As mentioned earlier, frequent network requests can generate very high energy cost and even have a long response time when the network is congested in typical positioning scheme. Although several offline applications have been proposed (e.g., big planet tracks [26]) to solve this problem, the effect of them is not ideal. So, in this paper we propose a cache mechanism based on map tiles, using geographic features to divide the map into many map tiles and maintain a local database cache.

As Fig. 3 shows, we divide an area into *n* map tiles and the length of each side is *w* meters. According to the location (longitude and latitude) of uploaded fingerprint data, we allocate it into different map tile. And only *m* map tiles is stored in client side local database. In Fig. 3, *m* is equal to 4. The premise of using the user device to sense the surrounding WiFi signal information is that we are able to ensure that the user is roughly located in the map tile in the local database through sensor assistance methods, which is described in detail in the next section. When the rough location is absent from the local fingerprint database, we need to update the cache from the server before proceeding with the prefetching operation, because the local data cache is out of date. When the total number of location requests is *r*, the typical fingerprint mechanism requires *r* network requests, and our map tile cache mechanism requires only *r*/*m* network requests. It can be seen that the proposed approach achieves the purposes of energy-saving and efficient.
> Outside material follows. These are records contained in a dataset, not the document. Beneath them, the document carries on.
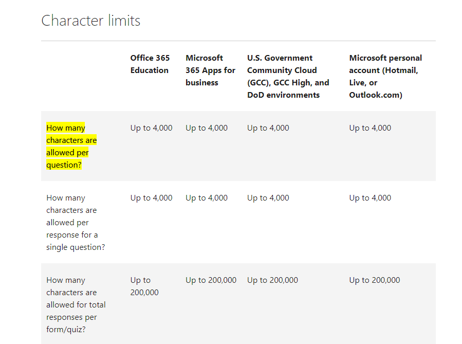 I found an article about this question. Kindly refer to this article and the screenshot below: Form, question, response, and character limits in Microsoft Forms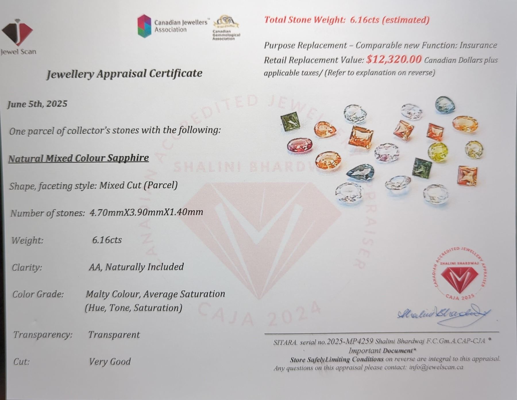 6.16 ct Authenticated Mixed Sapphire gemstone Parcel ($12,320 Appraisal)
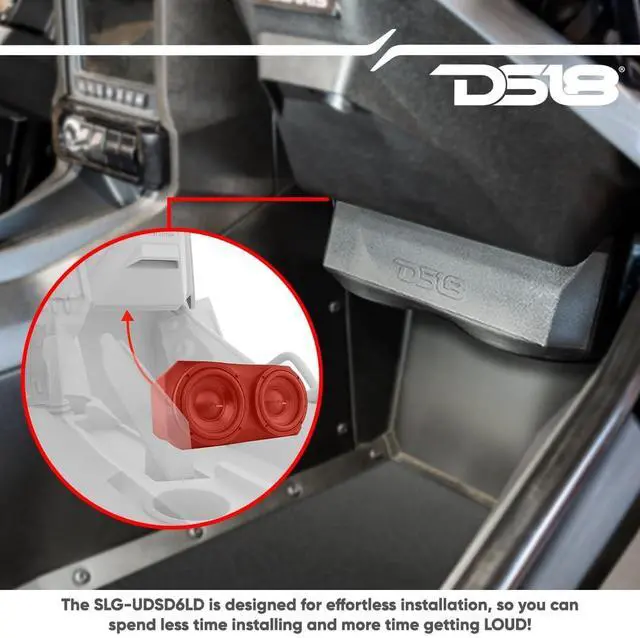 Powerful Bass Enhancement - Elevate your Polaris Slingshot's sound system to a whole new level with DS18's SLG-UDSD6LD. This easy-to-install enclosure comes loaded with two 6.5" ZR 6.4D subwoofers, capable of handling intense power and delivering punchy, clean bass you can truly feel ^^ High-Powered Performance - With a total RMS power handling of 600W and a maximum power handling of 1200W, the DS18 SLG-UDSD6LD delivers an impressive 90dB sensitivity, ensuring robust and clear bass reproduction within a wide frequency response range of 38Hz to 200Hz ^^ Precise Stereo Imaging - DS18's LOADED Under Dash Enclosure is designed to optimize stereo imaging, ensuring an immersive and dynamic audio experience for every passenger.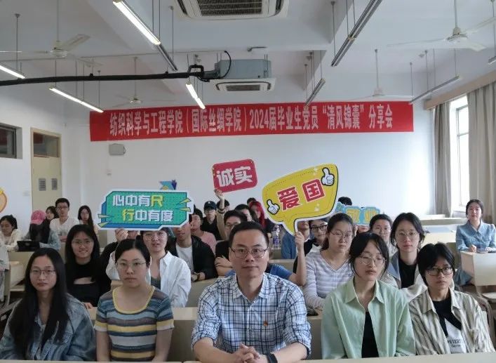 一堂基于说服心理学的“清风锦囊”分享会在2-S435举行。主讲者是纺织(丝绸)公司党委副书记、纪委书记方平,倾听者是全体2024届毕业生党员、各支部纪检委员。生动的案例、鲜活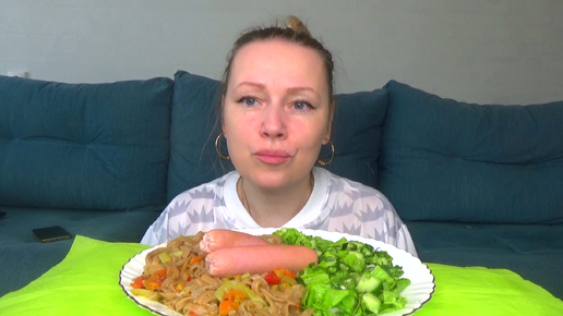 Мукбан. Ухожу лия с ДЗЕНа ?мое мнение о всей этой ситуации)) Гречневая лапша с овощами, сосисончики с горчицкой, салат.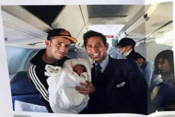 幸亏机上有三名医生……很顺利,一个健康的女婴在云端降生。
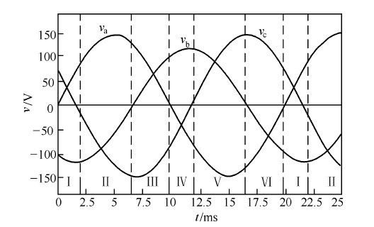 圖 1 給出了雙並聯升壓型三相整流器的主電路原理圖。另外,圖2 還給出了輸入電壓b 相幅值減少20% ,c 相相位滯後30 °時(shi)三(san)相(xiang)電(dian)壓(ya)的(de)波(bo)形(xing),並(bing)按(an)虛(xu)線(xian)劃(hua)分(fen)為(wei)六(liu)個(ge)區(qu)間(jian)。須(xu)注(zhu)意(yi)的(de)是(shi),輸(shu)入(ru)電(dian)壓(ya)不(bu)對(dui)稱(cheng)的(de)情(qing)況(kuang)不(bu)同(tong),其(qi)分(fen)區(qu)點(dian)也(ye)可(ke)能(neng)不(bu)同(tong),分(fen)區(qu)點(dian)由(you)各(ge)相(xiang)非(fei)零(ling)序(xu)電(dian)壓(ya)瞬(shun)時(shi)最(zui)大(da)幅(fu)度(du)區(qu)分(fen)點(dian)所(suo)確(que)定(ding)。依(yi)據(ju)六(liu)階(jie)段(duan)PWM 控製技術原理,三相整流器可以通過在線性周期的每一區間內控製兩個開關的通斷來實現單位功率因數。

### Sensor-assisted matching

Comparing the measured RSS features fingerprint with the whole data base is inefficient and unnecessary. In this section, we introduce a sensor-assisted matching method which can restrict the matching operation in a small space through sensor information including direction and travel distance.

Figure 4 is an illustration. The current location can be calculated from the initial location *P*. Note that the initial location can be obtained by GPS or other localization methods. The distance and direction from the previous location to current location are denoted as *l* and *θ*, respectively. Actually, the distance and direction can be estimated using dead reckoning method with built-in inertial sensors like accelerometer, gyroscope, and compass. It indicates that the accuracy of count steps in dead reckoning can reach 98% [27]. The moving distance *l* can be obtained by multiply the user’s step length and the footsteps. In [27], the authors also introduced how to get direction *θ* using gyroscope and compass in detail. Because of the noisy sensors and heterogeneous devices, the distance *l* and the direction *θ* cannot be precisely calculated. Two variables *Δ**l* and *Δ**θ* are introduced here as fault tolerant range to cope with this problem. An annular region *ABCD* can be obtained with all the above variables determined, which contains the current position. Estimating the current location requires finding out which fingerprint points in local cache are contained in this restricted area. Here, we offer a solution based on Haversine formula [28].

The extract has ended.